* _Records supplied_
========================================================================

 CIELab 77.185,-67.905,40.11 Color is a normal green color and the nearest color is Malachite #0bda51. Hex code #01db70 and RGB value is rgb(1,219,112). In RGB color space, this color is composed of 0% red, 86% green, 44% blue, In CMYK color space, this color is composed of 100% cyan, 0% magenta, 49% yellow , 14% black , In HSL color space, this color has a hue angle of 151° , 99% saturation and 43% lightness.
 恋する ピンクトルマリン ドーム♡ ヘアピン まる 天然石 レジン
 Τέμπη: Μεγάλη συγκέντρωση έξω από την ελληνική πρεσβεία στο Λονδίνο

========================================================================

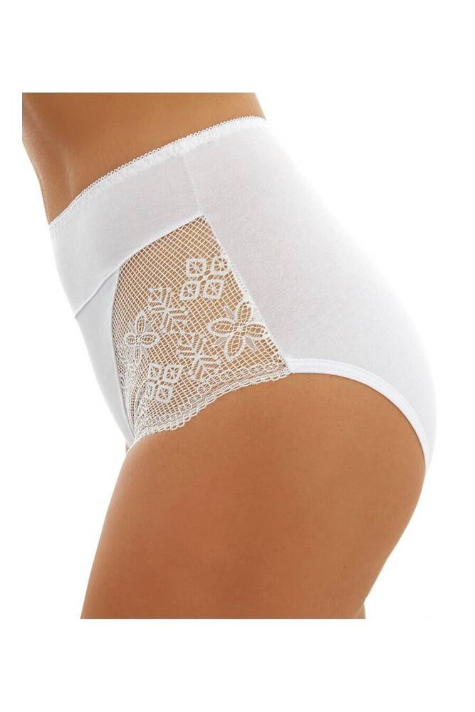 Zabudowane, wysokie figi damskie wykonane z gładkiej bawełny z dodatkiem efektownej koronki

========================================================================

* _Instructions for the task_
Write out only the lines that run from the line containing "CIELab 77.185,-67.905,40.11 Color" through the line containing "Τέμπη: Μεγάλη συγκέντρωση", both included, exactly as they appear above.

* _Output below_
 CIELab 77.185,-67.905,40.11 Color is a normal green color and the nearest color is Malachite #0bda51. Hex code #01db70 and RGB value is rgb(1,219,112). In RGB color space, this color is composed of 0% red, 86% green, 44% blue, In CMYK color space, this color is composed of 100% cyan, 0% magenta, 49% yellow , 14% black , In HSL color space, this color has a hue angle of 151° , 99% saturation and 43% lightness.
 恋する ピンクトルマリン ドーム♡ ヘアピン まる 天然石 レジン
 Τέμπη: Μεγάλη συγκέντρωση έξω από την ελληνική πρεσβεία στο Λονδίνο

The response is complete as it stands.